Vecino – Si no madrugas no consigues nada. Mira, ahora mismo, antes de llegar tú, vino ese Daniel, a contratar a unos cuantos para su viña. Está recogiendo la uva y parece que tiene mucha.
Jesús – ¿Y cuánto les paga?
Vecino – Un denario, como siempre. Un denario a cada uno. Pero, eso sí, si te dice que te lo paga, te lo paga. Daniel es un buen tipo. Con él se puede trabajar.
Capataz – ¡Un albañil para dos días, un albañil para dos días! ¡Techo y muro! ¡Techo y muro!
Jesús – ¡Oiga, no busque más, aquí está ese albañil! ¿Vamos?
Capataz – ¡Vamos! Un denario hoy y otro mañana. ¿De acuerdo?
Jesús – De acuerdo. ¡Adiós, Simeón!
Vecino – ¡Adiós, Jesús! Ya ves que al que madruga, Dios lo ayuda!
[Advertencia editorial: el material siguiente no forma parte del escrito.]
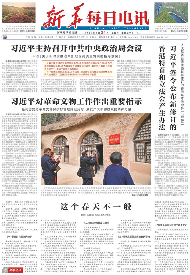 | ( 2021-03-31 ) 稿件来源:新华每日电讯 要 闻 |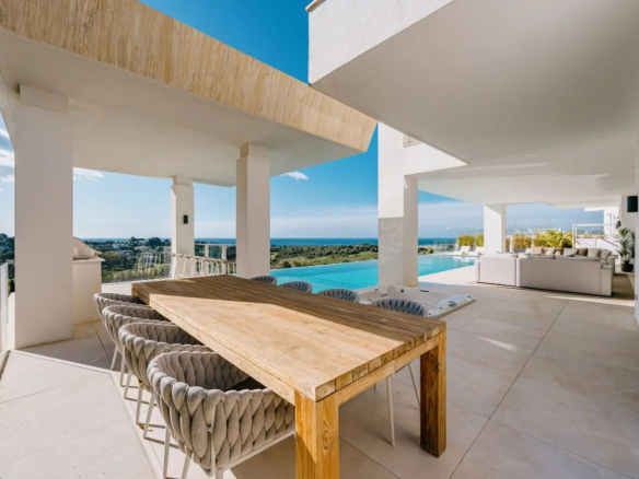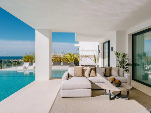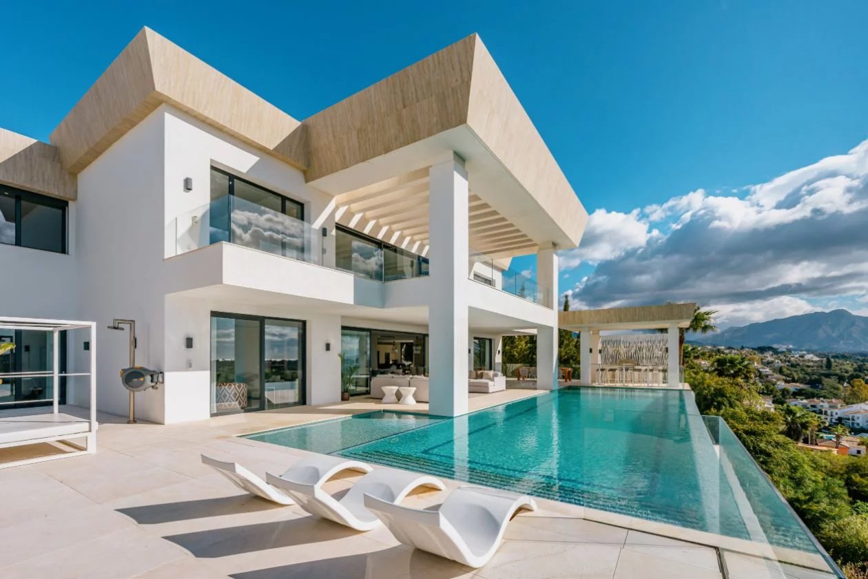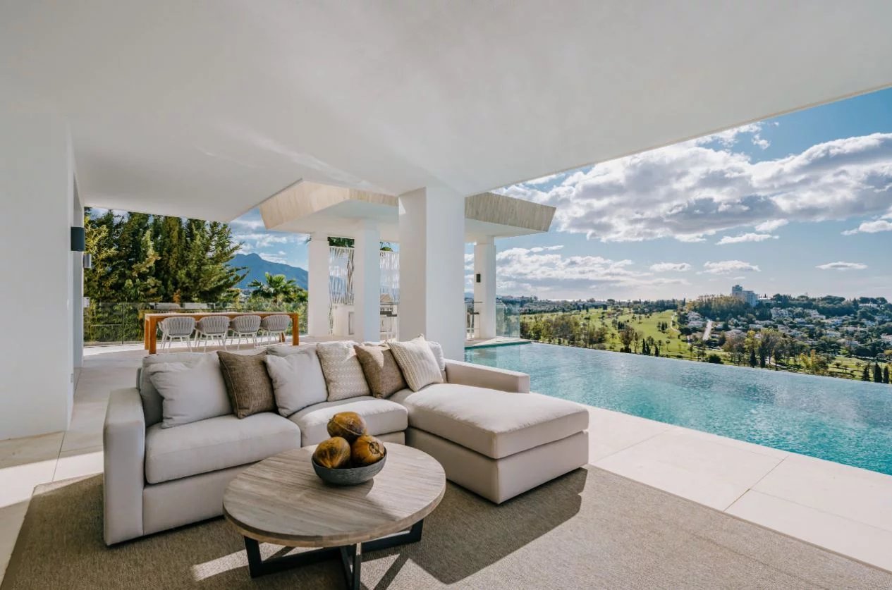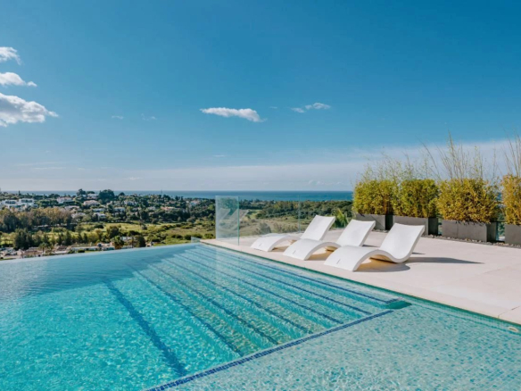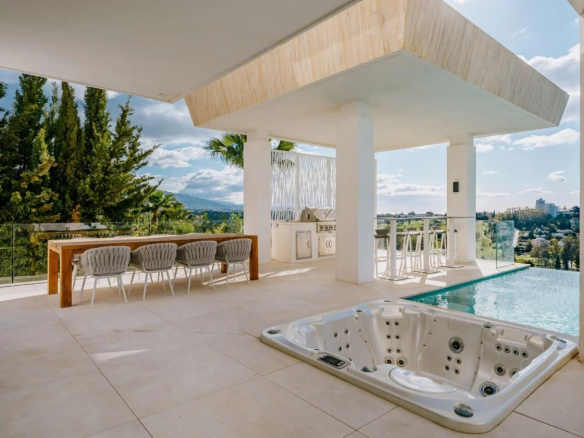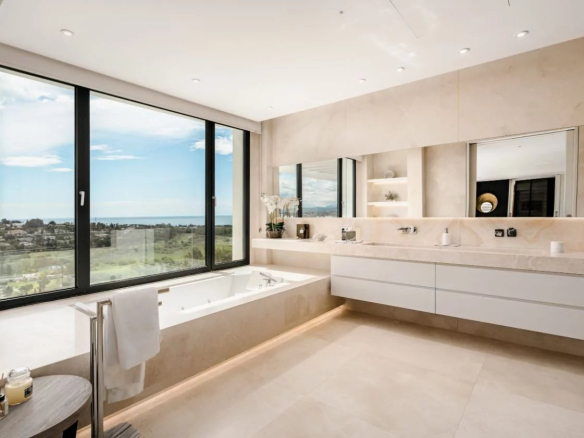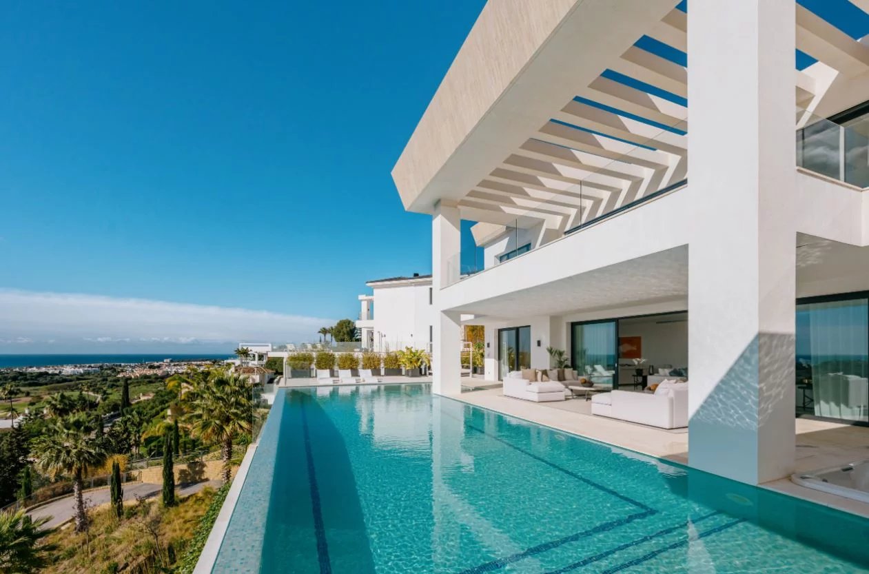 Situé sur un terrain de 2.500m², le spectaculaire manoir orienté au sud de 1.841m² est construit selon les normes les plus élevées et offre un design contemporain et moderne combiné avec un cadre naturel magnifique et des vues panoramiques à couper le souffle sur la mer Méditerranée, le parcours de golf et environnement parfait. Remarquable, spacieux et respectueux de l’environnement, il dispose d’un élégant salon avec une bio-cheminée et de grandes fenêtres avec accès à un grand porche et au jardin et à la piscine ; une cuisine design ultramoderne entièrement équipée et un coin repas; 7 chambres avec 7 salles de bains attenantes (marbre, double vasque, cabines de douche, baignoires, jacuzzi), 2 toilettes invités, salles de cinéma et de jeux.

Tuvo suerte el moreno. Bien pronto se enganchó.
Ñato – Y dilo. Yo hace tres días que estoy viniendo aquí y nada de nada. En este tiempo nadie esquila las ovejas, ¡maldita sea! Todos los días afilo la navaja y no sé para qué… Un día me cortaré con ella el pescuezo.
Vecino – ¿Y eso, Ñato? ¿Estás preocupado?
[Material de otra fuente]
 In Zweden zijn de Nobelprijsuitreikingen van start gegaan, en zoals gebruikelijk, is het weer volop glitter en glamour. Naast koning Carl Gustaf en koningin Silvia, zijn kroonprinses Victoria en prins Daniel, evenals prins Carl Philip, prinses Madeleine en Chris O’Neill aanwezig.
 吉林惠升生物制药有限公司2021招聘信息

Ñato – Estoy harto. Todos los días lo mismo: volver a casa con las manos vacías y ver que los muchachos tienen hambre… No, mi hijo, no hay más que ese poquito de pan. Mañana, mañana habrá más… ¡Y diablos, mañana es igual que hoy!
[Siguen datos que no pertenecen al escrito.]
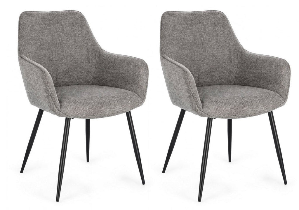 Struttura in acciaio con gambe verniciate e imbottitura in schiuma poliuretanica. Rivestimento in poliestere al 100%. Gambe da assemblare.Set 2 Sedie 58x63x85,5 cm Cora in Tessuto Nero e Grigio Scuro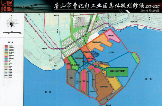 (上圖為曹妃甸工業區總體規劃及本項目所在位置)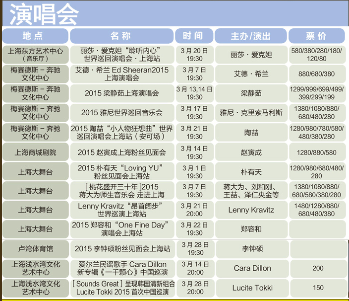 一过新年,各种演唱会就纷至沓来:梁静茹、雅尼、陶?、赵寅成、朴有天、蒋大为、郑容和、李钟硕……你会去看一场吗?
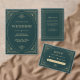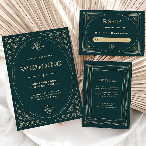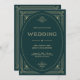 These glamourous wedding invitations feature a modern spin on classic art deco. An ornate, champagne gold look geometric frame and ornamentation decorate an elegant emerald green background for a dramatic, vintage wedding look.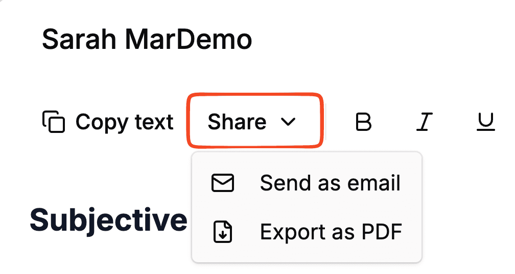 - Copy to Clipboard: Click Copy text to copy the entire formatted note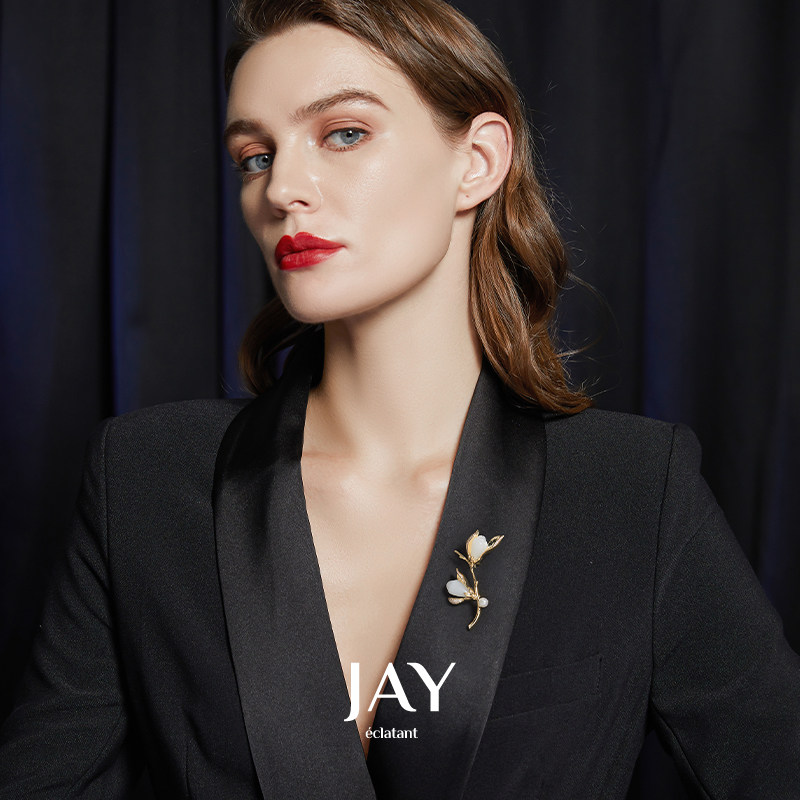 JAY金玉兰花胸针设计感小众胸花女高端别针秋冬西装配饰生日礼物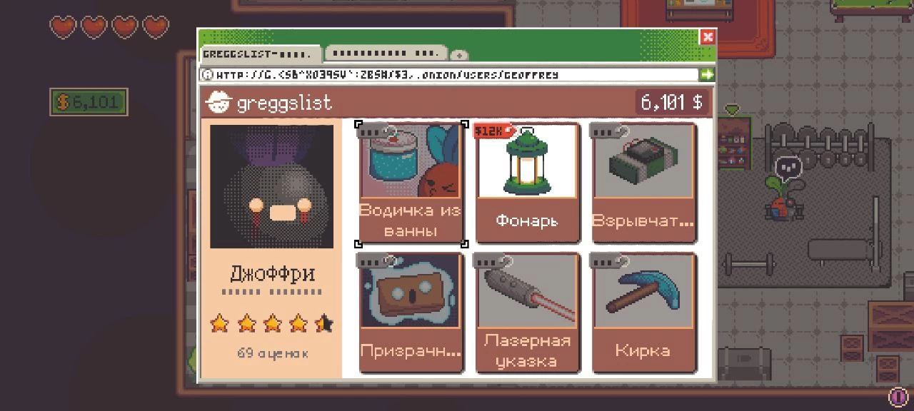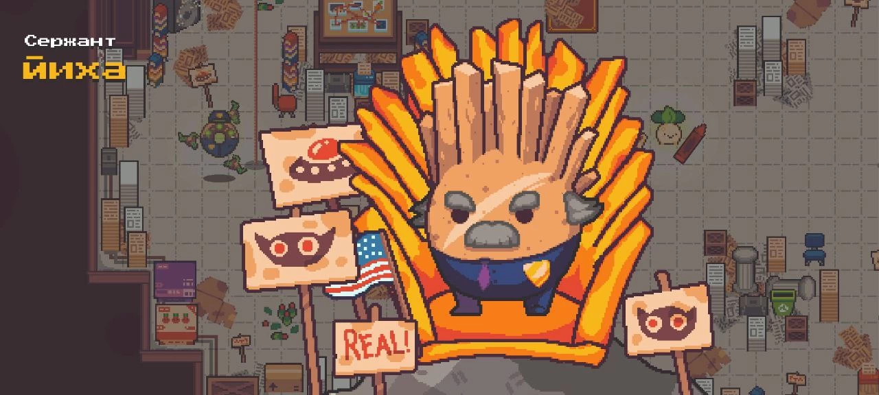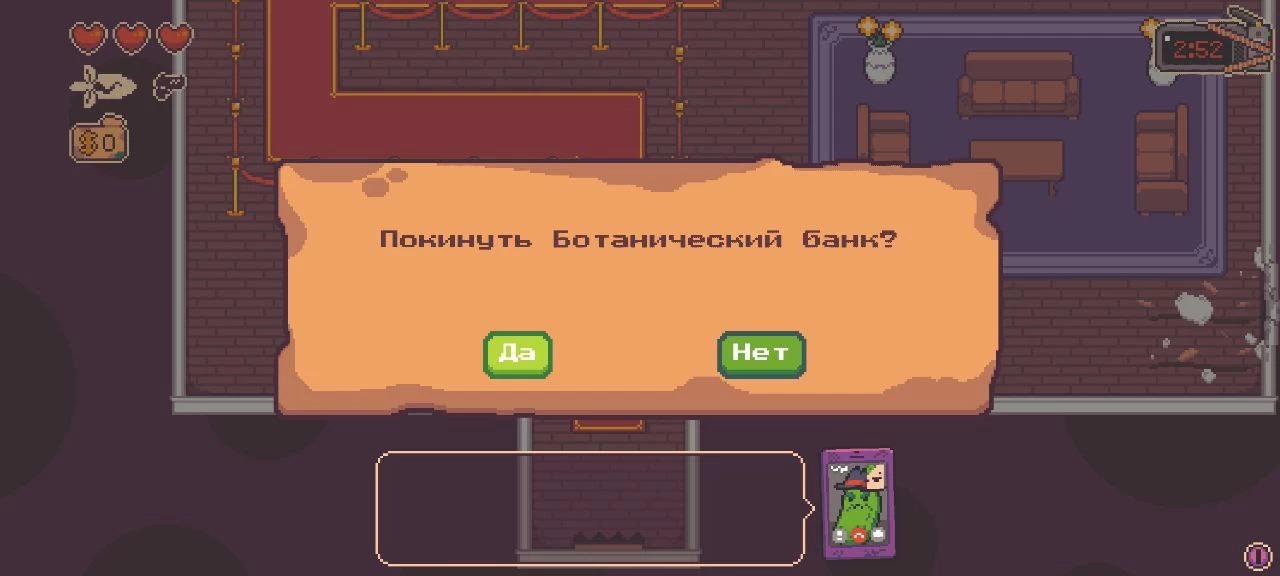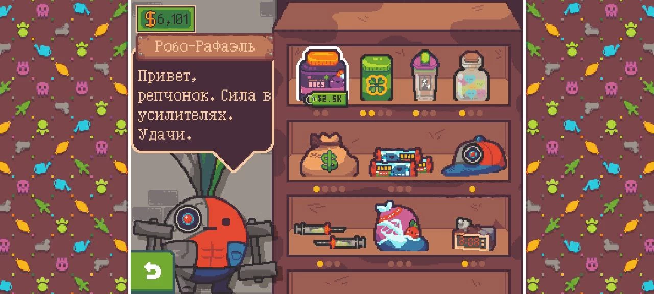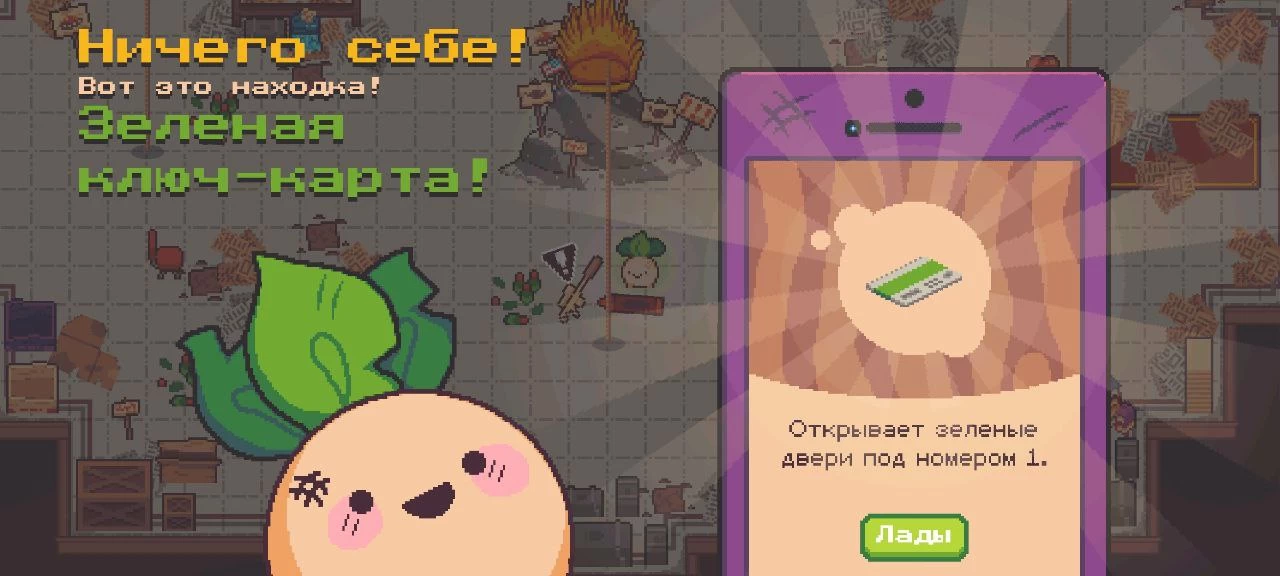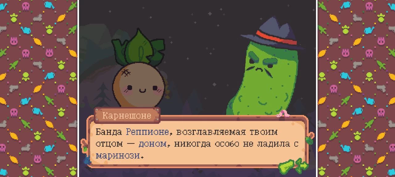 Первое, чем цепляет Turnip Boy Robs a Bank это своей премиальностью. За 449 рублей я получил русскую локализацию (озвученных диалогов нет), поддержку полноформатного режима с рамками по бокам (прощай, чёрные полосы) и поддержку контроллера.

Vecino – La cosa está difícil, Ñato, muy difícil.
Ñato – Si hoy no consigo un denario, te juro que no vuelvo a casa. No aguanto ver a mis hijos muriéndose de hambre. ¡No aguanto!
A las nueve de la mañana, cuando el sol ya había calentado las piedras de la plaza, volvió por allí Daniel.
Daniel – ¡Eh, muchachos! Necesito más brazos para trabajar en mi viña. ¿Quién quiere venir?
Vecino – Vámonos con éste, Ñato. Es trabajo seguro. Con el denario que nos den, comerán hoy tus muchachos.
Ñato – ¡Sí, vámonos, Simeón!
Simeón, el Ñato y algunos más se fueron a la viña de Daniel. Al poco rato, la plaza volvió a llenarse de hombres que buscaban trabajo. A esa hora, los niños ya jugaban por allí, corriendo y alborotando…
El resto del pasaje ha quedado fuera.